FamilyLifestyle

Artigo familiar com os melhores conselhos.

Divórcio envolvendo crianças com transtorno do espectro do autismo ASD

4 min read

[ad_1]

divórcio com filhos autistas

Se você está enfrentando um divórcio que envolve uma criança com autismo, há algumas armadilhas a serem observadas

Um cenário muito comum com o qual os advogados de divórcio de Orlando Florida lidam hoje em dia é uma situação em que um divórcio envolve questões de custódia de filhos em disputa.
Quando há necessidades especiais, como uma criança com transtorno do espectro do autismo, existem certas estratégias e práticas recomendadas que ambos os pais precisam conhecer para proteger seu caso.

O primeiro passo em um divórcio envolvendo crianças com TEA é entender o diagnóstico

divórcio envolvendo crianças com transtorno do espectro autista
O transtorno do espectro do autismo, também conhecido como TEA, é um diagnóstico geral dado a crianças que estão em qualquer parte do espectro do autismo.

Se a criança está funcionando bem, isso significa que ela tem sintomas muito leves e é provável que seja classificada como TEA de nível I. Isso era conhecido anteriormente como Síndrome de Asperger.

Crianças com um diagnóstico mais grave podem ser não verbais e incapazes de realizar certas tarefas básicas de forma independente. Crianças com essa gravidade de sintomas geralmente seriam classificadas em um nível mais alto, como nível II ou nível III.

Independentemente de onde seu filho esteja no espectro, ele terá uma lista completa de consultas escolares, consultas de terapia, consultas médicas, incluindo neurologistas, e terá uma necessidade geral de comunicação frequente e próxima com os profissionais de saúde e funcionários da escola.

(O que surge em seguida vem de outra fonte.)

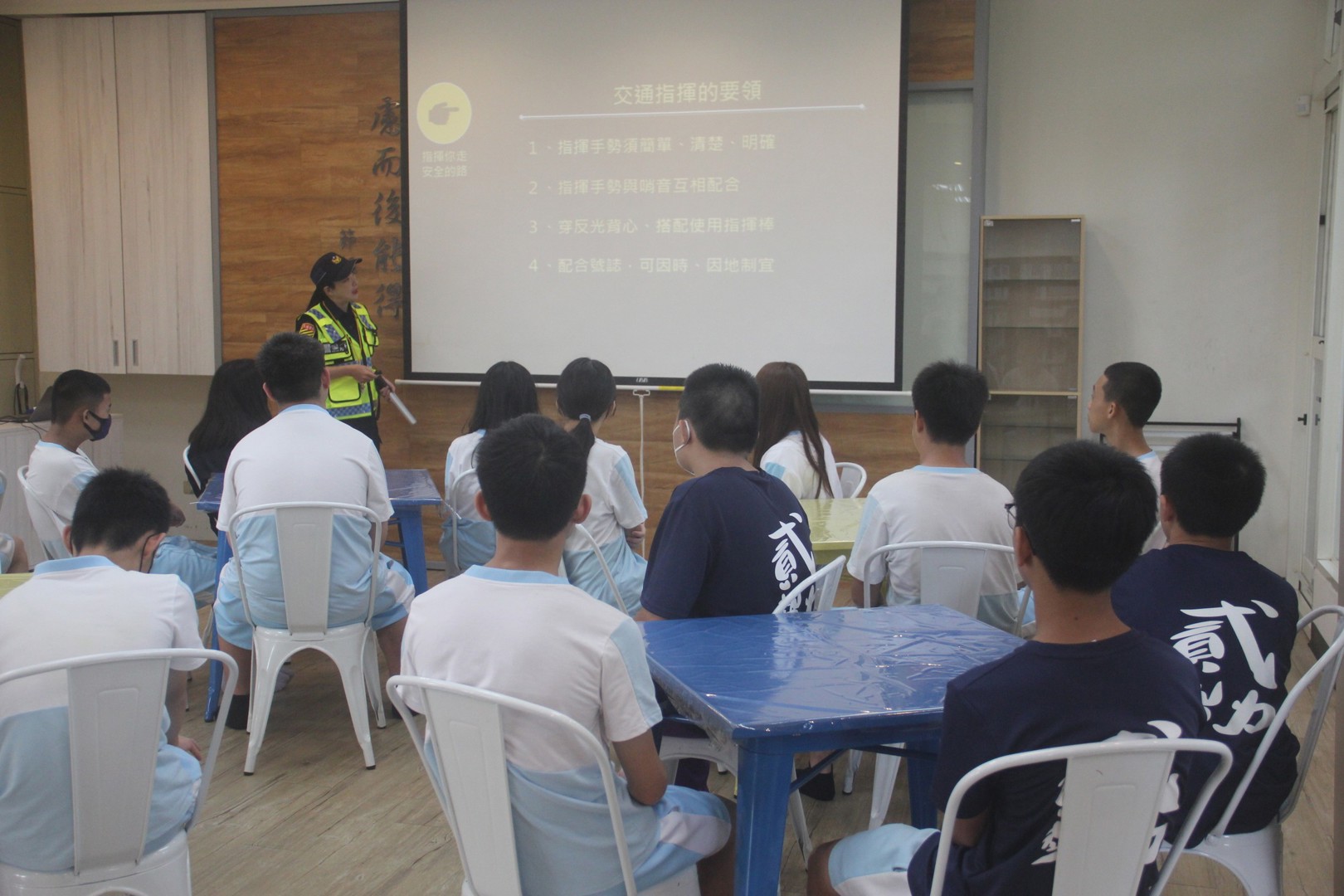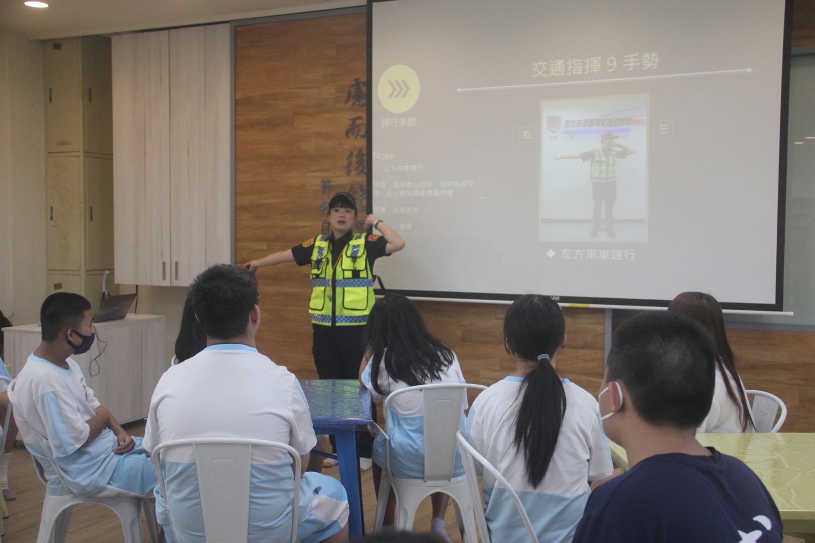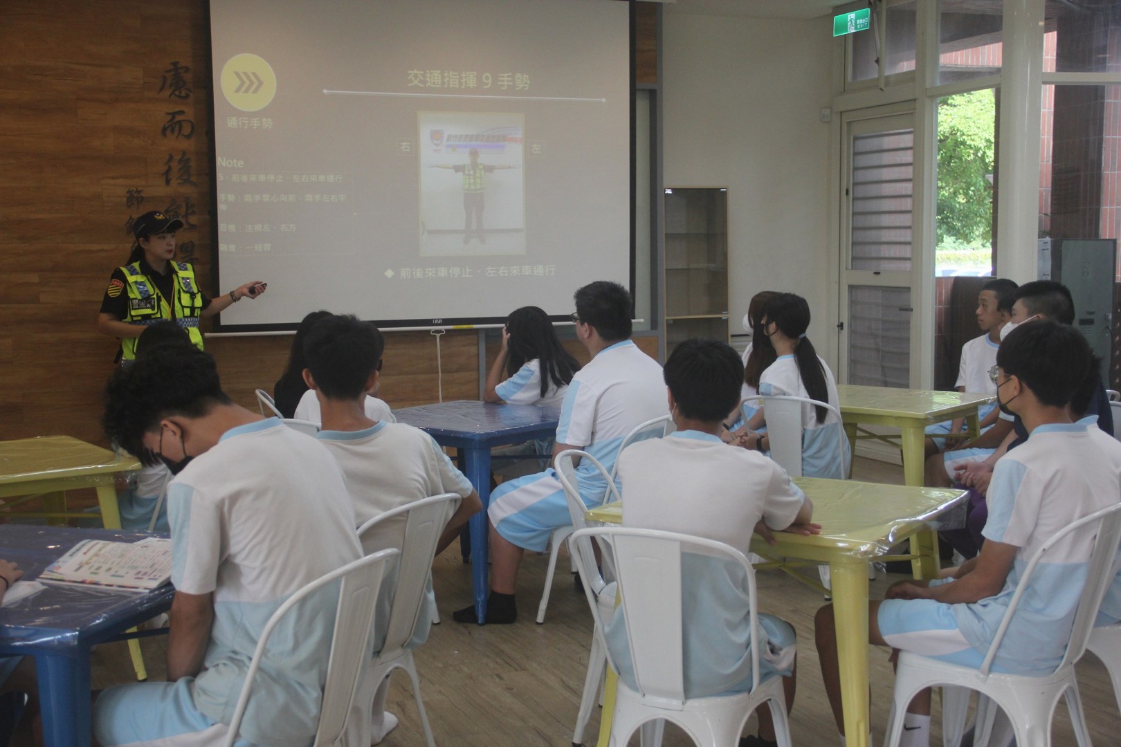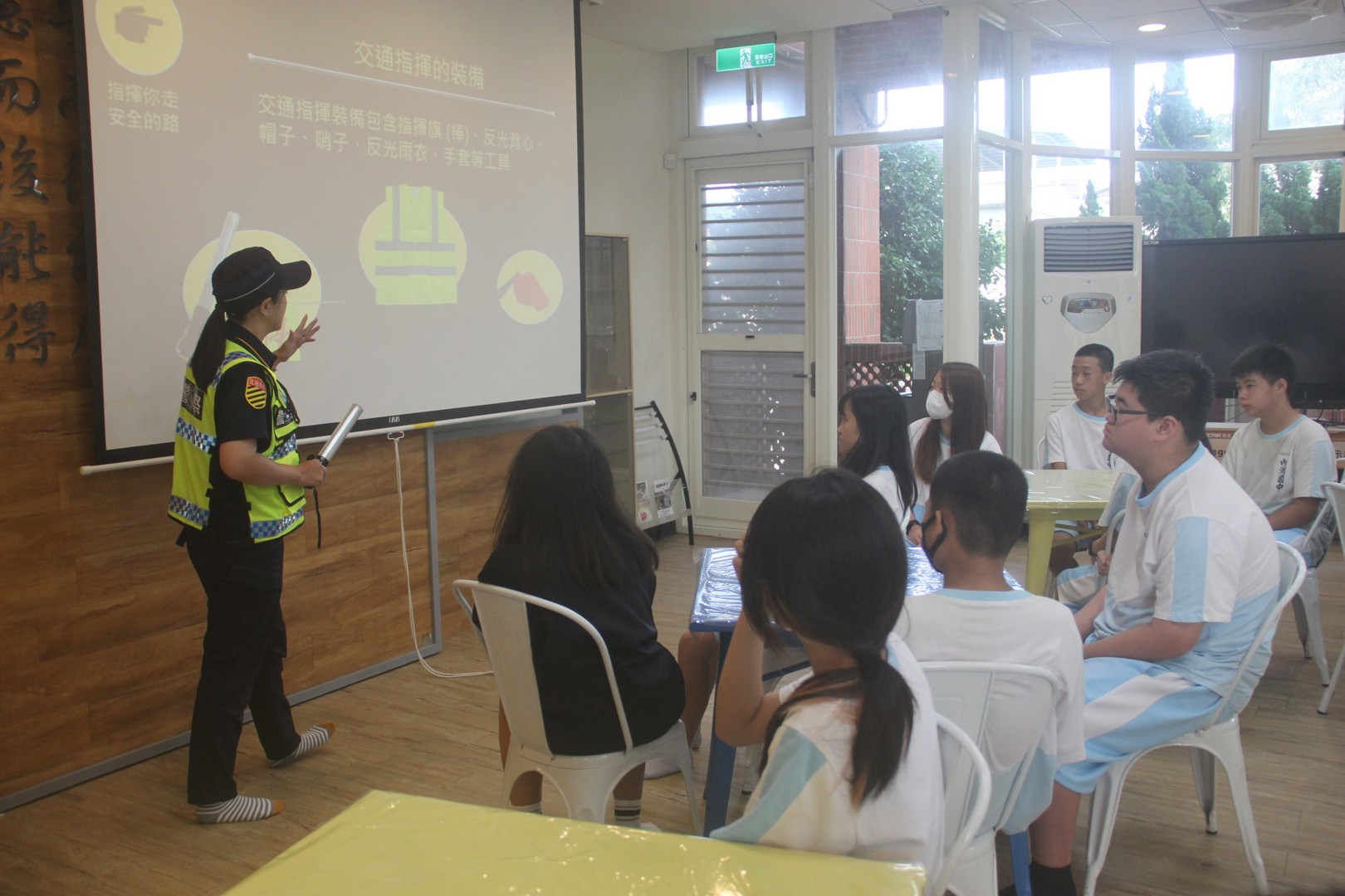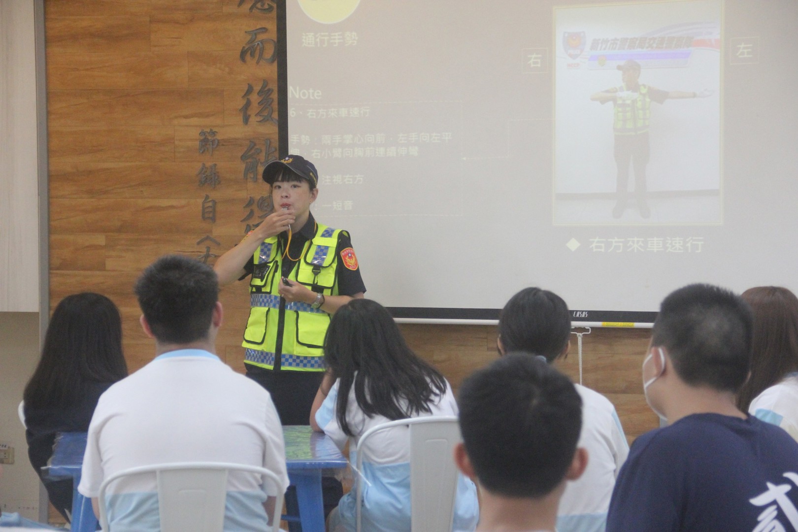 本校積極推動交通安全教育,保障學生上放學交通安全,學校每學期籌組交通服務隊協助導護老師進行交通導護工作。本校於114年9月9日早自習辦理學生交通服務隊培訓研習,特請新竹市警察局交通隊許筱慈警官到校為24位交通服務隊同學針對交通法規及手勢演練進行宣講。許警官充分說明值勤要領、交通指揮手勢及哨音等,並結合交通事故相關時事進行路權觀念宣導,以提升學生交通知識及法規觀念,使參與學生獲益良多。

Sua rotina normal durante o casamento pode causar problemas durante o divórcio com filhos autistas

Não é incomum durante um casamento que um dos cônjuges esteja trabalhando durante o dia e o outro cuide da maioria das consultas médicas, terapia e reuniões escolares.

No entanto, ao entrar com o pedido de divórcio, o cônjuge que historicamente não tem sido muito ativo nos aspectos terapêuticos e educacionais entrará com pedido de partilha de tempo igual com a criança. No entanto, uma batalha desagradável pode surgir sobre se o pai está familiarizado o suficiente com as necessidades especiais da criança para aproveitar todo o tempo de contato que ela está pedindo.

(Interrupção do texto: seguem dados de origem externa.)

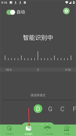 2、專業模式,具備自動智能識別功能,可選擇調式,能精準識別樂器音高,滿足專業人士精準調音需求。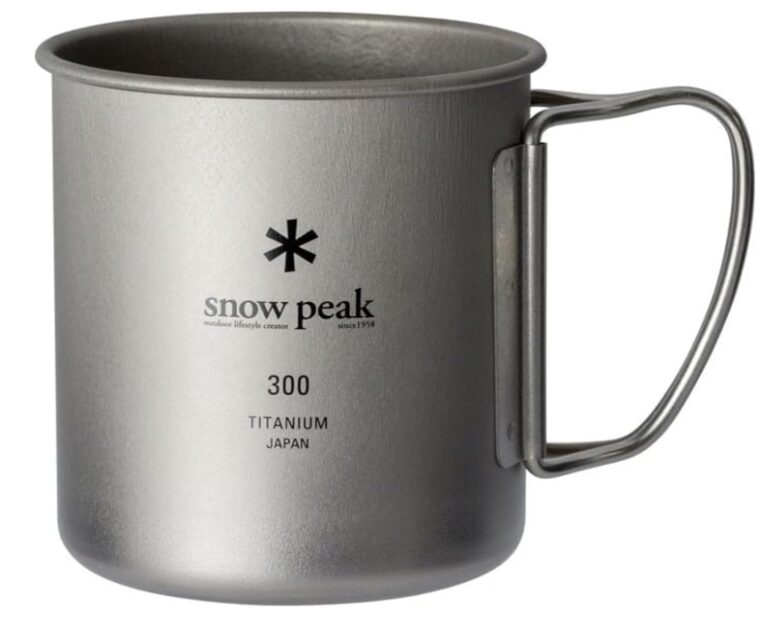 ここでこだわりたいのが、軽くて丈夫なチタン製マグカップ(Snow Peakなどがおすすめ)。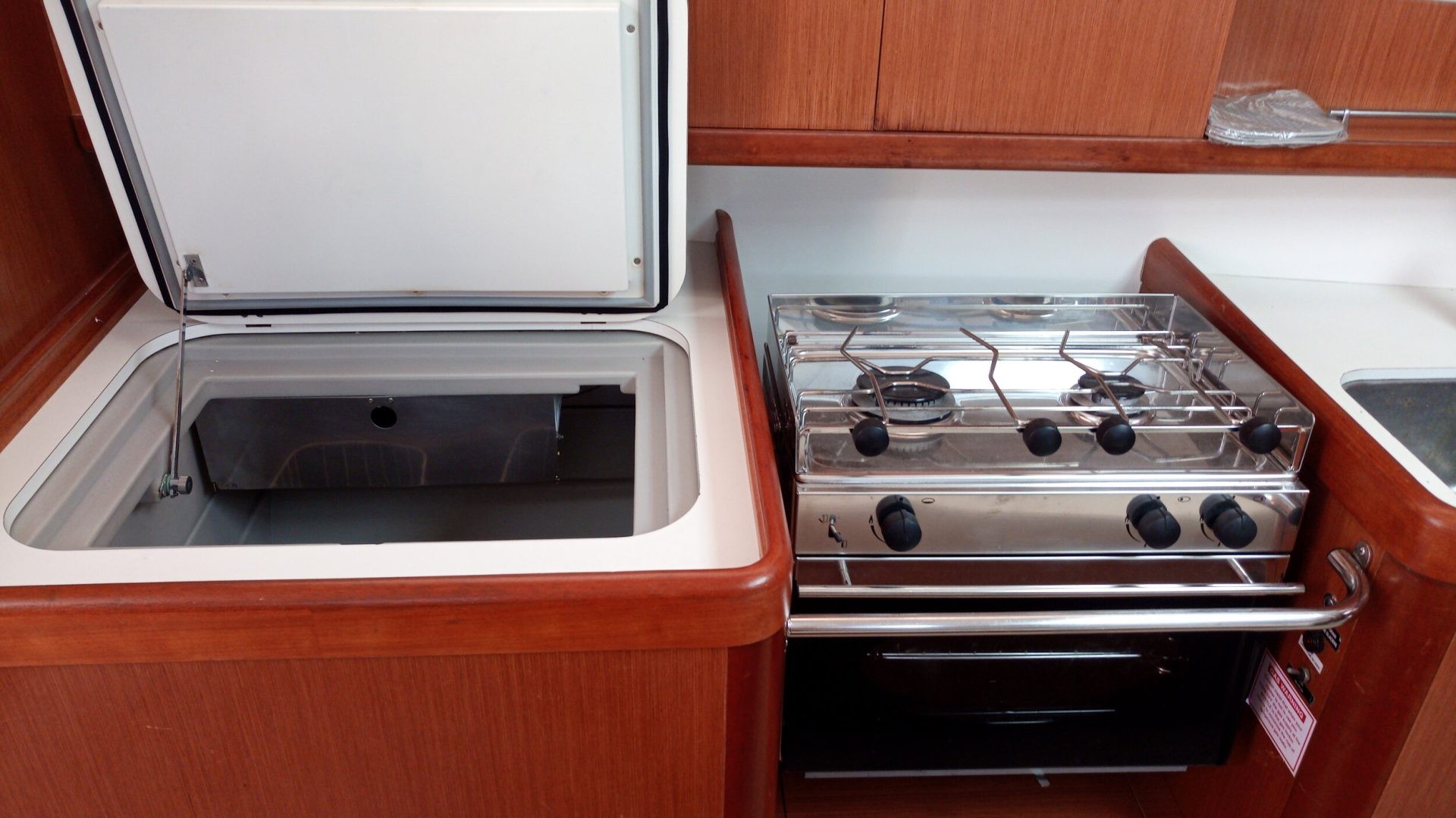 Gourmet-Ausstattung und Komfort: Die Pantry ist komplett ausgestattet mit Backofen, Edelstahlofen und einer großen elektrischen Toplader-Kühlbox – ideal, um den Champagner beim Ankern vor Es Vedrà auf der perfekten Temperatur zu halten.

Normalmente, veremos o pai que compareceu à maioria das consultas de terapia, escolar e médica, acusando o outro pai de não se importar o suficiente para comparecer a nenhuma dessas consultas e, portanto, de não saber como responder às necessidades especiais da criança em um emergência. Esse tipo de argumento costuma ser usado para justificar por que o tempo que o outro genitor compartilha com a criança deve ser limitado.

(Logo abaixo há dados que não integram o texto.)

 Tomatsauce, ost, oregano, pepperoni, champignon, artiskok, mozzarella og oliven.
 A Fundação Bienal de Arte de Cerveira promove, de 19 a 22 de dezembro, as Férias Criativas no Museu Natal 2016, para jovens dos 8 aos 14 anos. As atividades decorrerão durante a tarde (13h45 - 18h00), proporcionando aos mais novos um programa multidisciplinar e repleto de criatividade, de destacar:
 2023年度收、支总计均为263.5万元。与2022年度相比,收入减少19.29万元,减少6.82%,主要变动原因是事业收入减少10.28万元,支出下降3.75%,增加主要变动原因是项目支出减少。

O problema é que durante o casamento essa provavelmente era a norma pactuada, no entanto, no contexto do divórcio, a alegação de que um dos pais faltou à maioria das reuniões é tecnicamente verdadeira e, portanto, torna-se um desafio resolver de maneira simples.

O que devo fazer se estiver me divorciando de uma criança autista?

A melhor regra é que, se você está prestes a se divorciar e tem um filho com transtorno do espectro do autismo, deve se envolver na terapia da criança, nas reuniões escolares que provavelmente serão mensais ou trimestrais e nas consultas com médicos e outros especialistas. .

Qualquer pai que não tenha sido ativo em tal cuidado e tratamento de uma criança autista no passado enfrentará desafios em um caso de custódia, a menos que demonstre um interesse imediato e significativo na jornada terapêutica da criança.

Aqui está outra grande armadilha a ser observada.

Outra área de preocupação que surge nesses casos decorre de crianças no espectro e as birras ou “colapsos” que costumam ter.

Uma criança com TEA geralmente acha difícil expressar seus sentimentos ou entender seus sentimentos, o que pode levar a acessos de raiva prolongados que podem incluir gritar, bater, socar paredes e até mesmo bater ou bater.

Já ouvi muitas histórias de pais que tentaram lidar com essas birras e acabaram perdendo a paciência e começaram a gritar e berrar com uma criança autista que estava no meio do autismo.

É importante ser o mais paciente possível durante o autismo e não reagir com raiva à criança. Em primeiro lugar, porque o colapso não é culpa da criança. Em segundo lugar, você pode apostar que o outro pai apresentará o incidente na mediação ou na audiência de custódia.

Em conclusão, o litígio de divórcio envolvendo crianças no espectro do autismo requer um maior nível de atenção e estratégia acima e além do caso tradicional. Embora eu tenha apontado algumas das áreas de preocupação mais comuns, existem inúmeras outras que você deve conhecer.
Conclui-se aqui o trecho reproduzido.